Kind regards, Tamir Michael
The call to 'rtos_timer_suspend' does not affect the hardware at all as the timer will continue to tick normally but not servied in the timer ISR.
In that case, the function has been given the wrong name. If it doesn't actually suspend the timer, but rather only IRQ generation, then it should be called "rtos_timer_tick_disable" or something.
Both functionalities are worth having, but for different purposes. One is to actually "stop time", so it maintain the same sequence of timer events relative to each other, but not their cycle time.
The other means that time goes on, so timer ticks will be synchronous to their previous rhythm afer re-enabling the ticks. But sequence of events may be completely deranged.
while (l_missed_ticks == 0) { rtos_timer_suspend(l_flag_timer) ; l_missed_ticks = s_missed_ticks ; rtos_timer_resume(l_flag_timer) ; }
When this loop is running, the timer is suspended about half of the time. Then, there is a 50% chance that another task starts running while the timer is suspensed. If the task does any amount of work, it is going to run hundreds of us. The timer will miss all those 100us ticks. And it gets worse if you have several active tasks.
I also notice that once an eFlag type timer increments the missed deadline counter, the timer is freed. Then there is nothing stopping another task from allocating the timer for some other purpose. Polling the deadline counter still works, but it does not tell how many ticks ago the timer expired.
I suggested interrupt_safe_assign_ulong because then you don't have to suspend the timer, just:
interrupt_safe_assign_ulong( &l_missed_ticks, &s_missed_ticks);
You already disable interrupts in many places for a lot longer times, so this should not make any difference. I personally would make these kind on interrupt safe assignments with an ATOMIC sequence - a lot faster and safer. By safer I mean that disabling interrupts globally with the IEN bit of PSW may have undesired side effects due to pipeline effects. Clearing the IEN bit does not take effect immediately, but an interrupt may still be acknowledged after that. If the acknowledged interrupt is low priority and time consuming, and you have a very time critical interrupt, that time critical interrupt is not serviced until the low priority interrupt is serviced and your 'interrupt safe' code is executed.
Sauli, Thanks for your insight.

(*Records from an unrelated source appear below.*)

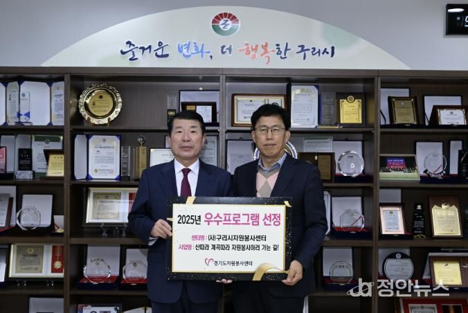 정안뉴스 안정주 기자 | 사단법인 구리시자원봉사센터는 12월 22일, 경기도자원봉사센터 공모사업인 ‘2025 지역맞춤형 지원사업’ 시군 네트워크 분야에서‘산 따라 계곡 따라, 자원봉사 하러 가는 길!’ 프로그램이 우수사업으로 선정됐다고 밝혔다.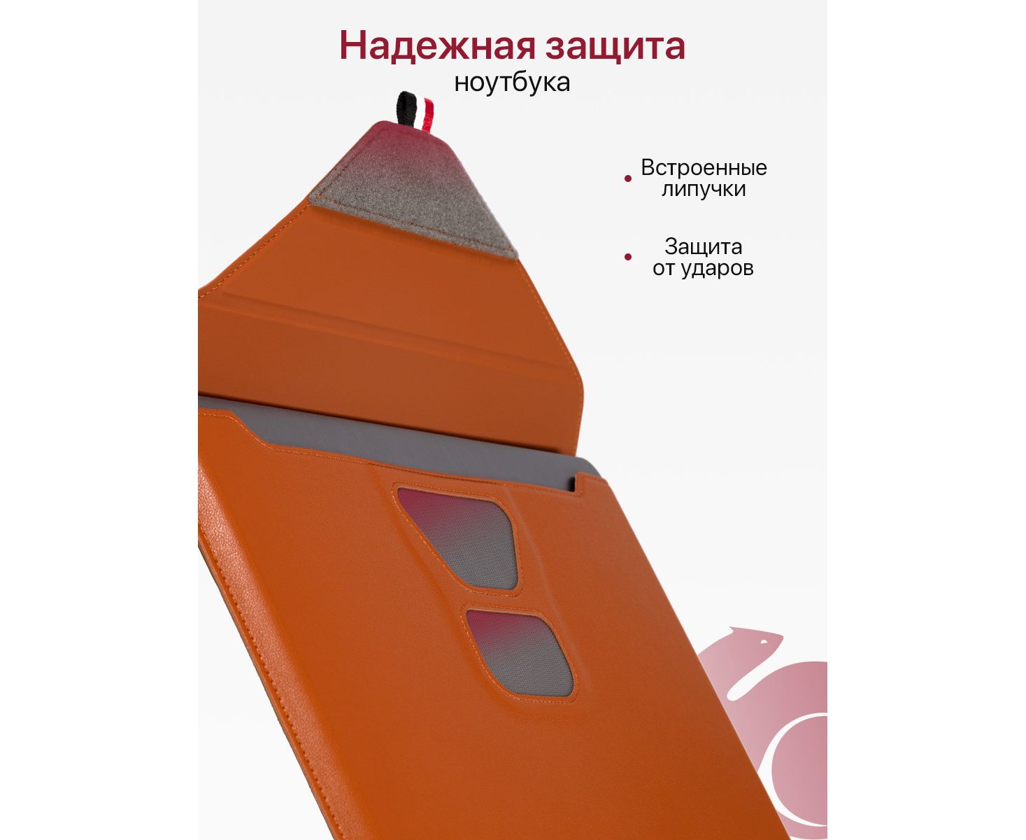 - Защита ноутбука. Твердая передняя стенка надежно защитит ноутбук от ударов и повреждений. Чехол держит форму и не мнется.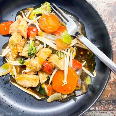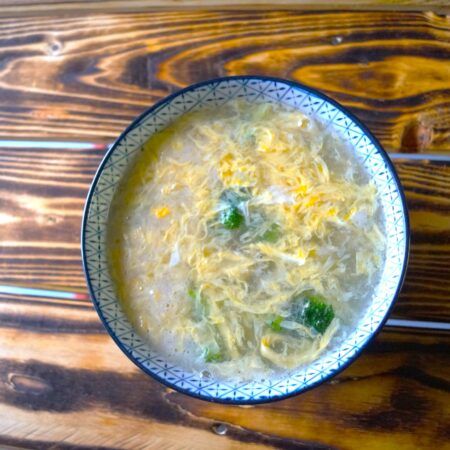 Gebundene Suppe mit Karottenstreifen, Frühlingszwiebeln und einem Ei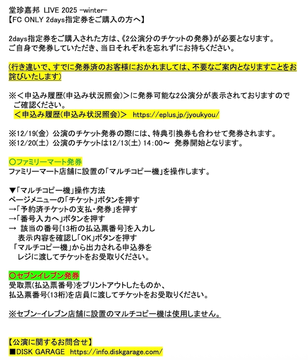 【FC ONLY 2days指定券をご購入の方へ】堂珍嘉邦 LIVE 2025 -winter- 発券状況について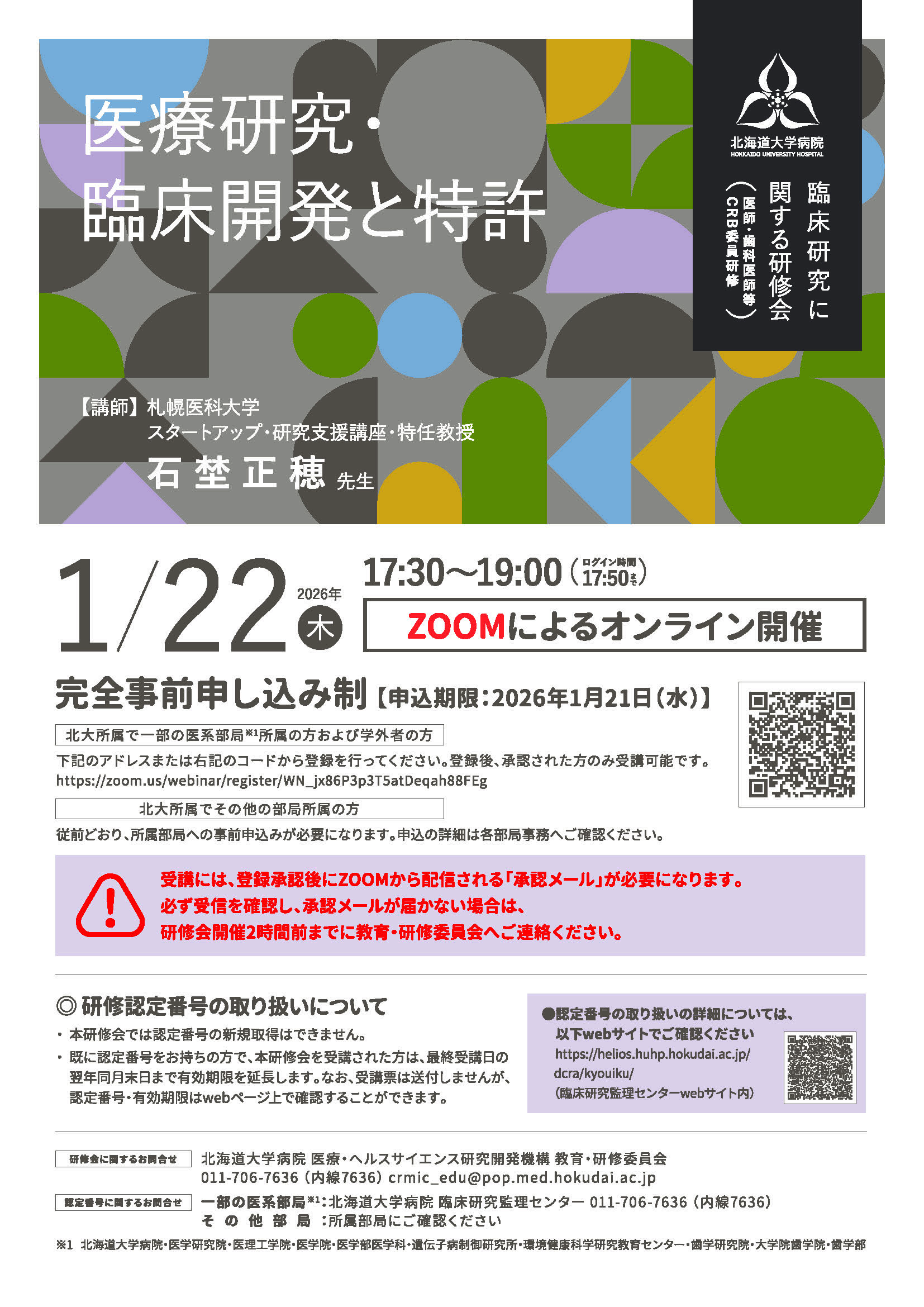 - 今回の北海道大学病院 臨床研究に関する研修会では、「医療研究・臨床開発と特許」というテーマで、その分野の専門家による講演会を開催します。このテーマは、PMやStMの業務を遂行するあたり重要であると考えられるため、認定を受けるべき対象者の育成や教育に資すると考えます。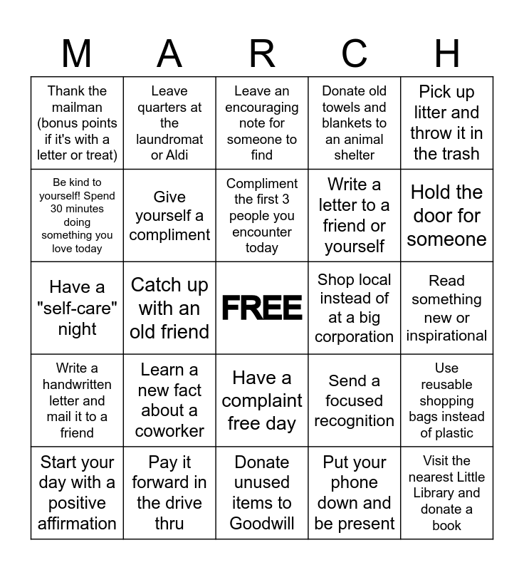 This bingo card has a free space and 24 words: Learn a new fact about a coworker, Pay it forward in the drive thru, Compliment the first 3 people you encounter today, Start your day with a positive affirmation, Pick up litter and throw it in the trash, Thank the mailman (bonus points if it's with a letter or treat), Be kind to yourself! Spend 30 minutes doing something you love today, Leave quarters at the laundromat or Aldi, Shop local instead of at a big corporation, Have a complaint free day, Write a letter to a friend or yourself, Have a "self-care" night, Send a focused recognition, Use reusable shopping bags instead of plastic, Give yourself a compliment, Put your phone down and be present, Read something new or inspirational, Leave an encouraging note for someone to find, Hold the door for someone, Catch up with an old friend, Visit the nearest Little Library and donate a book, Write a handwritten letter and mail it to a friend, Donate old towels and blankets to an animal shelter and Donate unused items to Goodwill.

Well, you are right, but the core of the "problem" is that this sort of timer is not really suitable for a preemptive environment. The other kind of timers supported (utilized by 'rtos_callback_timer_inform_every' and 'rtos_callback_timer_inform_in') are much more accurate, as they can invoke a user provided callback onces expired. If the callback is lightweight, it is both a more accurate and useful solution. In my little spare time I am working of release 2.2 (based on your review and some bug fixes) which will be the last one for the C166. I am going to make a port for the ARM9, and hopefully I will be able to reuse a major parts of my previous work.
Dear Friends,
I have headache for UDP protocol, I want to open a port for connection, but ".Bind" command gives "Runtime Error 87" I did not found any info about this issue and i dont' think it can happen, if anybody does please give me hand.
Thank you,
of all threads in this forum, do you have to spam mine? I can help you but will not - get lost along with your UDP headache !
Sauli, One more thing. repeatedly stopping/starting a hardware timer will create an accumulated error, so I chose not to do so. Of couse, this does not reduce from the validity of the arguments you made.